When a JPEG image is decompressed to the spatial domain, the statistical properties of the pixels depend on their spatial location within the JPEG grid, the so-called JPEG phase.

Careful consideration of the JPEG phase is a key property in modern JPEG steganalysis feature descriptors, such as the DCT residuals (DCTR), the phase-aware projection model (PHARM), and the Gabor filter residual (GFR) features. This blog post explains the JPEG phase and how PHARM exploits symmetries in decompressed JPEG images to reduce the feature dimensionality.

Perceiving the JPEG phase

The JPEG phase can be perceived by comparing histograms of pixel values from varying spatial locations. For illustration, we take 10.000 uncompressed images from the BOSSBase and compress them with JPEG quality close to 75. To focus on the effects of JPEG compression, we isolate the compression changes by subtracting the uncompressed image from the decompressed image. The compression changes are split into non-overlapping 8x8 blocks, from which we calculate 64 histograms, one for each “mode” in the 8x8 grid.

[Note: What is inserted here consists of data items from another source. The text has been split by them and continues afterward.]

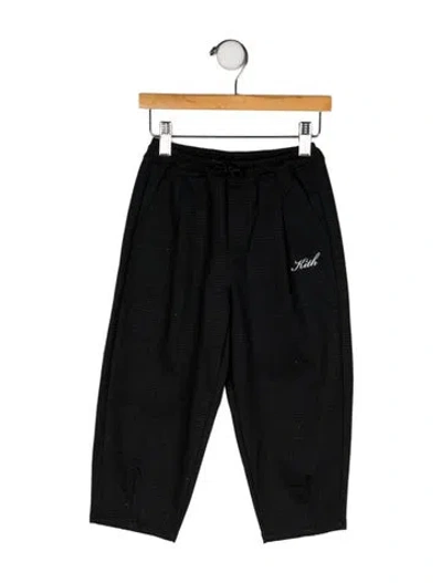 Boys' black KITH pants with embroidred logo at front and drawstring closure at elastic waist. Machine washable. | KITH Pants in Black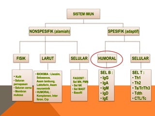 Sistem imun adalah sistem pertahanan manusia untuk melindungi tubuh dari infeksi dan serangan organisme asing seperti virus dan bakteri. Sistem imun terdiri dari sistem imun nonspesifik yang sudah ada sejak lahir dan memberikan respon langsung, serta sistem imun spesifik yang dapat mengenali dan menghancurkan benda asing berbahaya yang pernah dihadapi sebelumnya. Organ utama sistem imun adalah leukosit, makrofag, sel plasma dan sel mast.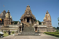 Khajuraho, the name signifies the place where a lot of Khajur trees could be found. The place is a small town located in the Bundelkhand region of Madhya Pradesh in India famed for a complex of exquisite Hindu and Jain temples. Built during the reigns of the mighty Chnadela rulers in the 9th and 10th century, carvings on these temples are highly erotic and sensual depicting in graceful forms intimate scenes of the whole range of human emotions and relationshipsThe temples at Khajuraho are beautiful pieces of art. The artist's creative instincts have been beautifully captured in various facets and moods of life in stone.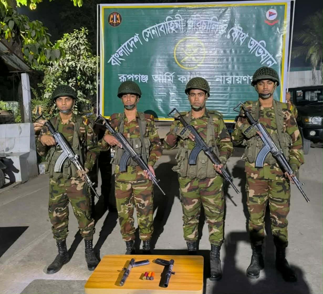 রূপগঞ্জ আর্মি ক্যাম্প ইনচার্জ জনান, দেশের সার্বিক আইন-শৃঙ্খলা পরিস্থিতি স্বাভাবিক রাখা এবং জনগণের জানমালের নিরাপত্তা নিশ্চিতকল্পে বাংলাদেশ সেনাবাহিনী এ ধরনের অভিযান নিয়মিতভাবে পরিচালনা করে আসছে এবং ভবিষ্যতেও এ কার্যক্রম অব্যাহত থাকবে বলে জানায় সেনাবাহিনী।###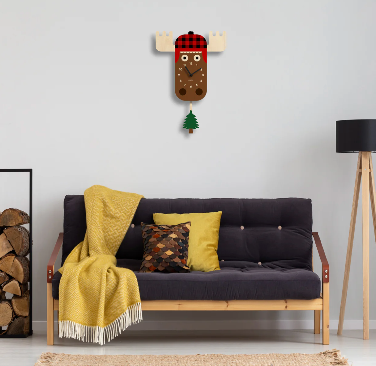 Expertly crafted with a cozy flannel winter hat, this moose pendulum wall clock adds a charming touch to any room. The swinging pine tree pendulum adds a whimsical element while keeping perfect time. A must-have for any cabin, winter or forest themed decor.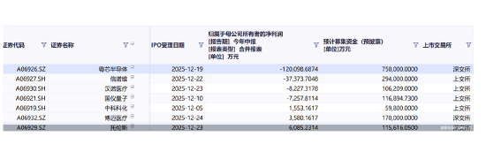 从拟募资规模来看,上述15宗IPO中,粤芯半导体拟募资金额居首,公司本次拟募资金额约75亿元。据了解,粤芯半导体是一家致力于为境内外芯片设计企业提供12英寸晶圆代工服务和特色工艺解决方案的集成电路制造企业,公司创业板IPO于12月19日获得深交所受理。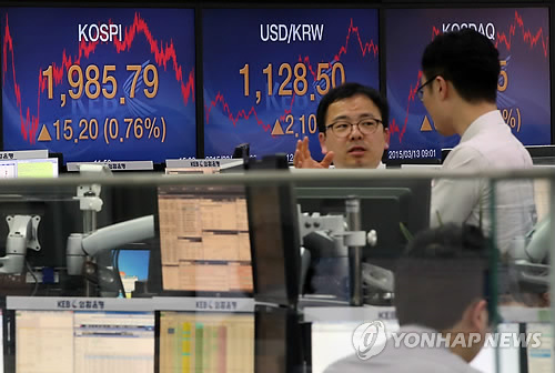 코스피는 전날보다 15.20포인트(0.77%) 오른 1,985.79로 마쳤다.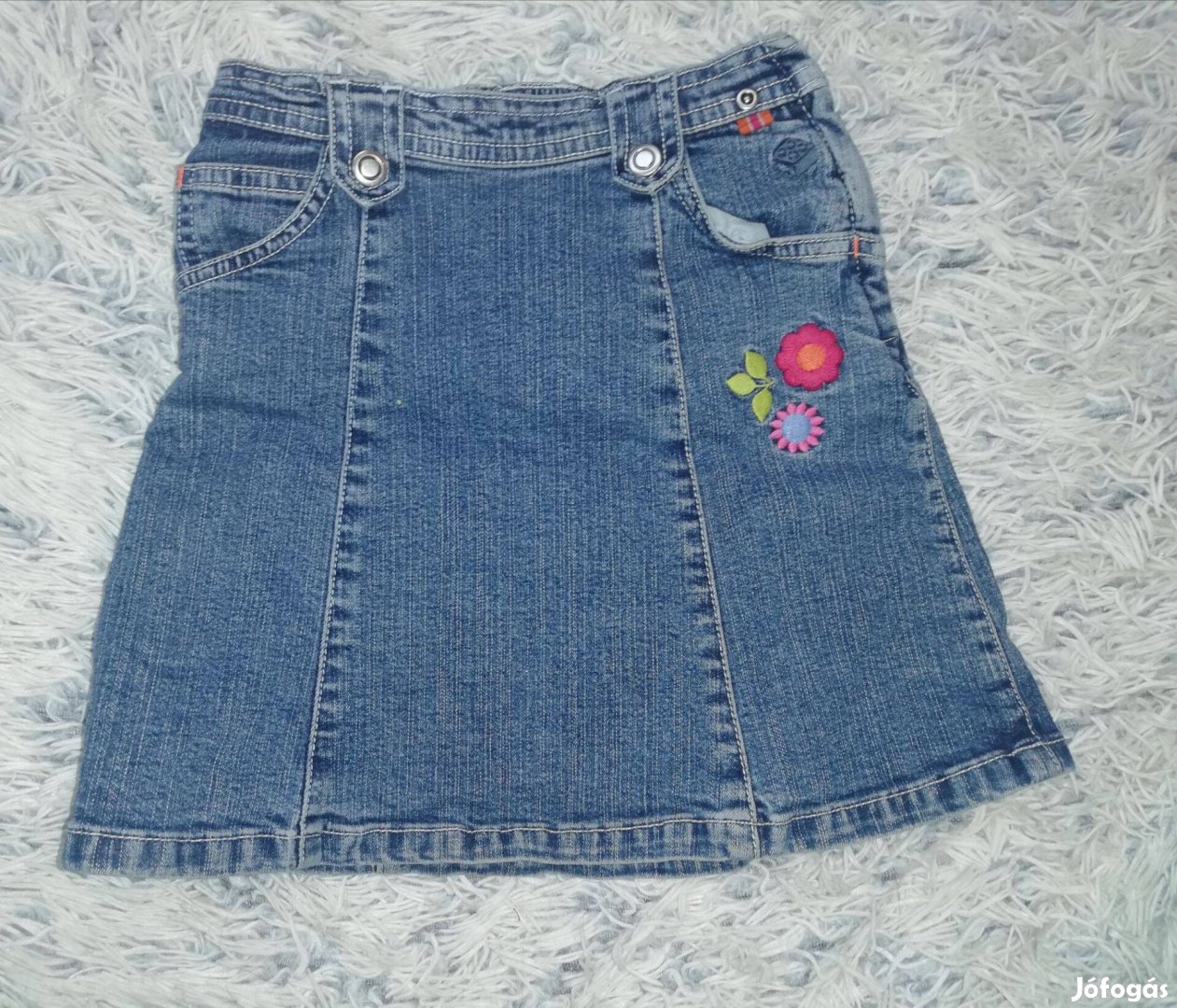 virághímzéses kék farmerszoknya, Lego, 4 év, 104

The figure above shows the pairwise L1 distances between histograms calculated from each of the 64 modes. Dark colors represent small distances, light colors represent high distances. The ticks indicate the modes (i, j), where i is the row index and j is the column index. It can be seen that the individual modes are the most similar to their horizontally or vertically flipped modes, i.e., mode (i, j) is most similar to modes (i, 7-j), (7-i, j), and (7-i, 7-j). For example, the histogram for mode (2, 0) is similar to the modes (2, 7) (horizontal flip), (5, 0) (vertical flip), and (5, 7) (horizontal + vertical flip). To some extent, modes are also similar to locations obtained by transposition and rotation by multiples of 90 degrees. For example, the histogram at location (2, 0) resembles the histograms at modes (0, 2), (0, 5), (7, 2), and (7, 5), which are obtained by transposition and rotation.

Besides these symmetries, observe the dissimilarity between two arbitrary selected modes! The high dissimilarity suggests that first-order statistics calculated from decompressed images should be carefully split by their location w.r.t. the JPEG grid. This is key innovation of the phase-aware projection model (PHARM), a popular steganalysis feature vector. PHARM extends the previous projection spatial rich model (PSRM) by the phase awareness. Instead of averaging over projections at arbitrary locations, the projections are carefully split by the JPEG phase. This blog post focuses on the symmetrization. More details about PHARM can be found in the corresponding conference publication by Vojtěch Holub and Jessica Fridrich.

PHARM symmetrization

Many steganalysis features exploit the symmetries of natural images that we have observed above. These symmetries allow combining histograms from symmetric locations, thereby reducing the feature descriptor’s dimensionality and improving its statistical robustness.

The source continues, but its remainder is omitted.